On Friday, Google Inc took the offensive against thousands of authors claiming that it copied their works without permission. The internet search giant filed a petition with the U.S. district court in Manhattan claiming that the authors have failed to show any economic harm caused to them by the scanning and display of their works and the creation of a searchable index to find them. In March 2011, a federal judge had rejected Google’s sweeping $125 million settlement of the now seven-year old case.
Google says it has scanned more than 20 million books, and posted English-language snippets of more than 4 million, since forming agreements with large libraries to digitize current and out-of-print works for the Google Books website.
The Authors Guild and groups representing photographers and graphic artists have complained that Google’s actions amounted to “massive copyright infringement.” However, Google says that the database actually helps people to find the authors and buy their books and that there is a “significant public benefit” from the work done by Google in digitizing and publishing the works of authors, though without their specific permission.
In its filing, Google said, “Google Books creates enormous transformative benefits without reducing the value of the authors’ work … (and) therefore passes with ease the ultimate test of fair use.”

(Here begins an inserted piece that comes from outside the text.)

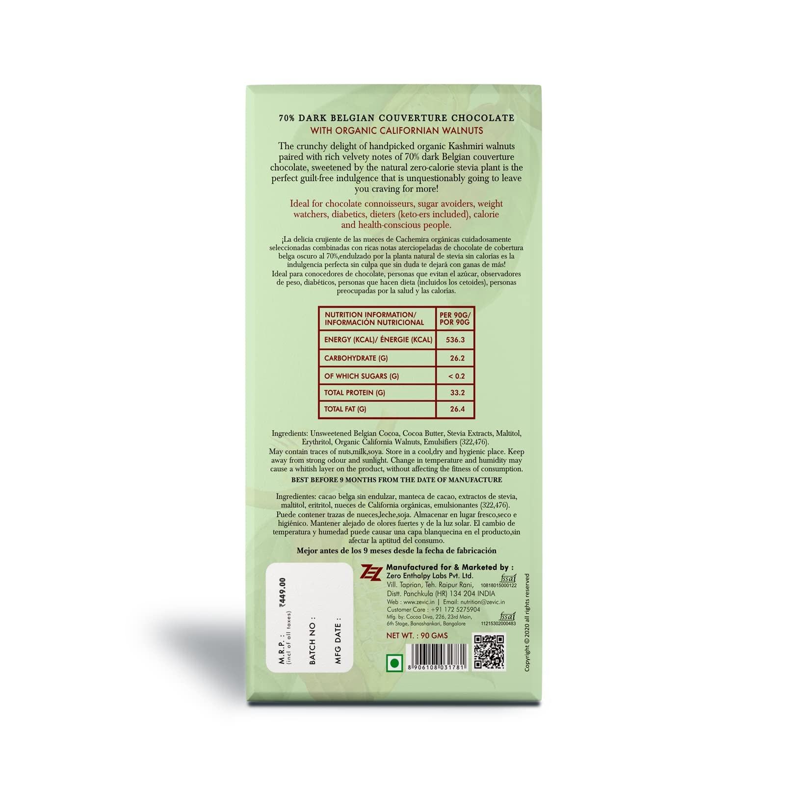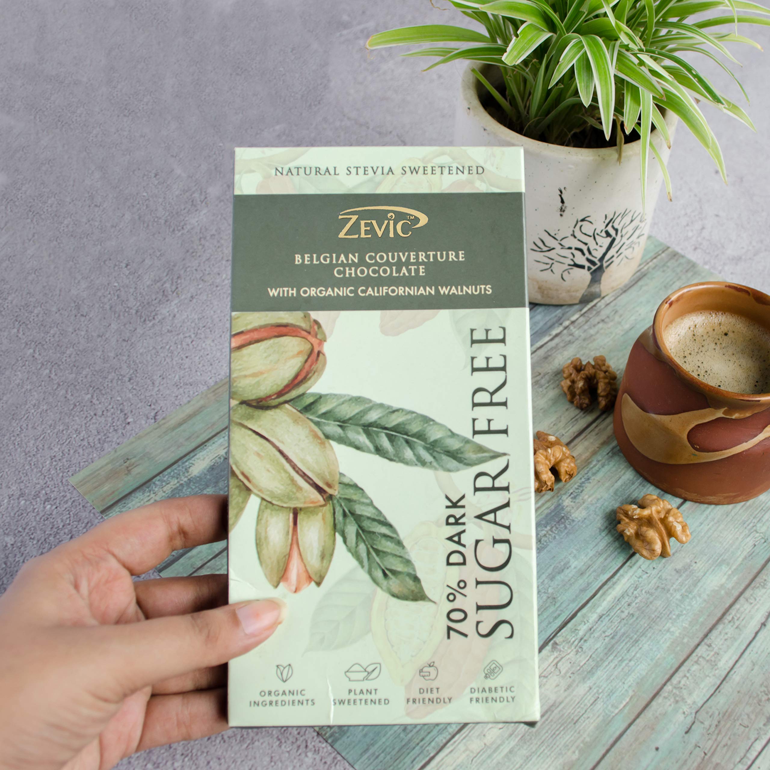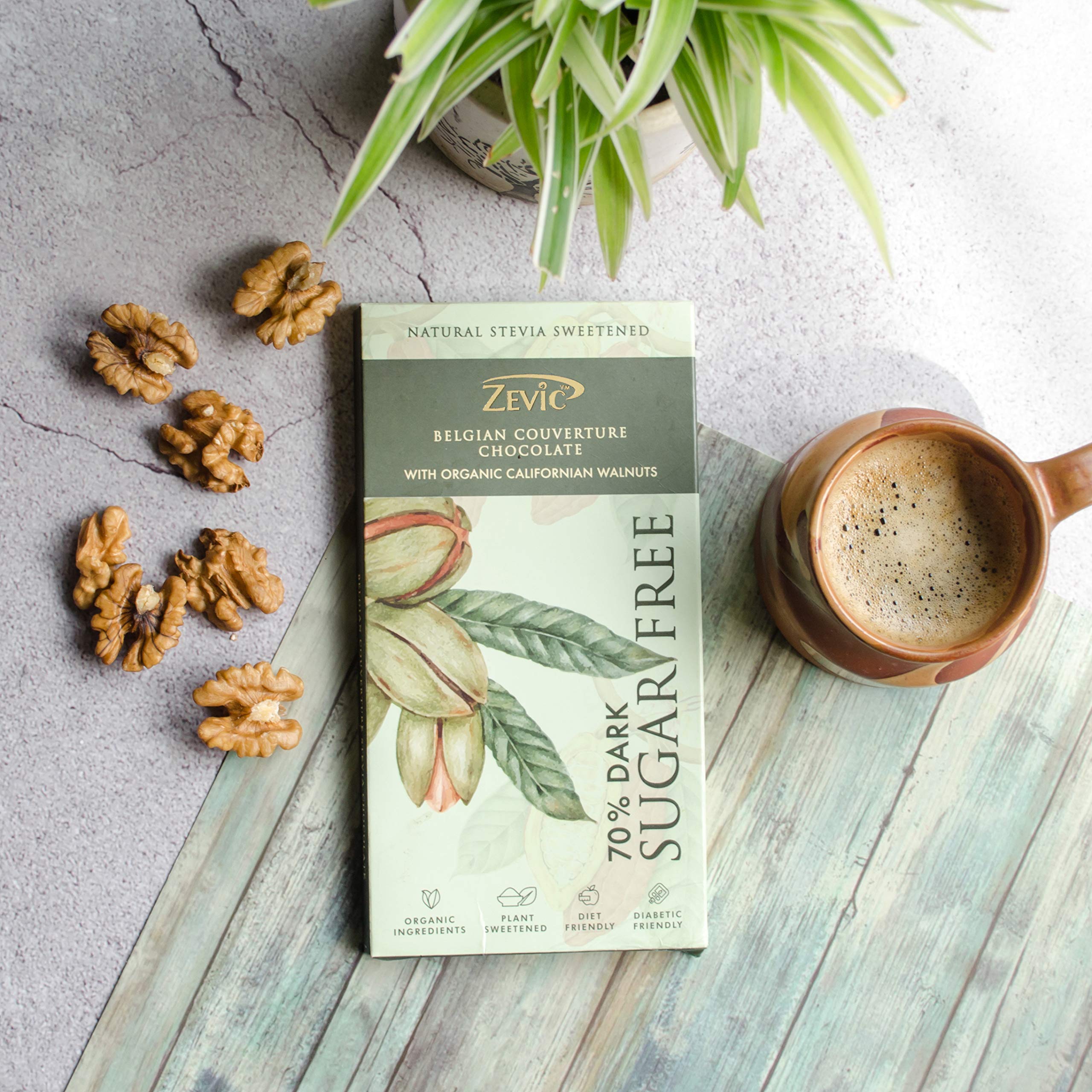 ZEVIC Sugar Free Chocolate with Organic Californian Walnuts | 70% Belgian Dark Chocolate Bar | Natural Stevia Chocolate | Keto Chocolate | Diabetic Friendly Chocolate | Vegan Healthy Chocolate 90g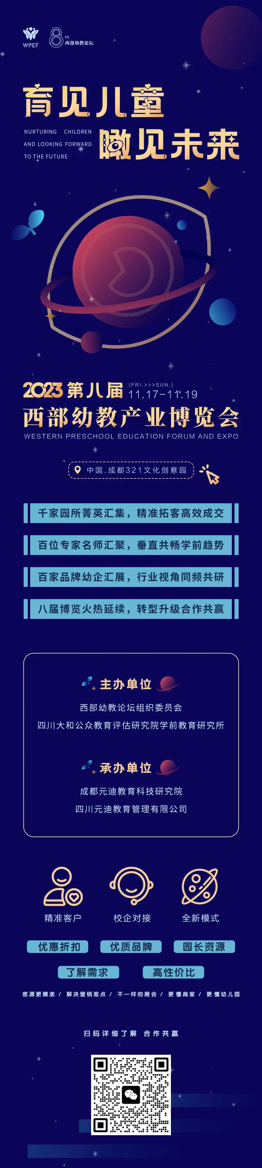 西部幼教产业博览会是一场与万千幼教人直接面对面的盛会,西部园所汇集论坛,确保你精准拓客;同时这也是一场西部幼教界的年度盛宴,西部幼教论坛平台让全国百位名师汇聚,共聊学前发展趋势;并且这是一场论坛、展会、文创交融的盛会,百家品牌幼企汇聚展会,寻找合作共赢未来。第八届西部幼教产业博览会以全新的会展模式、更有效的校企对接,让你真正建构起园所与西部幼教产业沟通的桥梁。

While rejecting the $125 million offer by Google, Judge Deny Chin had said that the company had gone too far because it was asking for a “de facto monopoly” to copy books en masse without permission and served to “further entrench” its market power in search dynamics.
Chin granted class-action status to the authors in May, and said other groups like those representing photographers and digital artists may also sue. The lawsuit includes individual plaintiffs like the former New York Yankees baseball pitcher Jim Bouton, who is the author of “Ball Four.”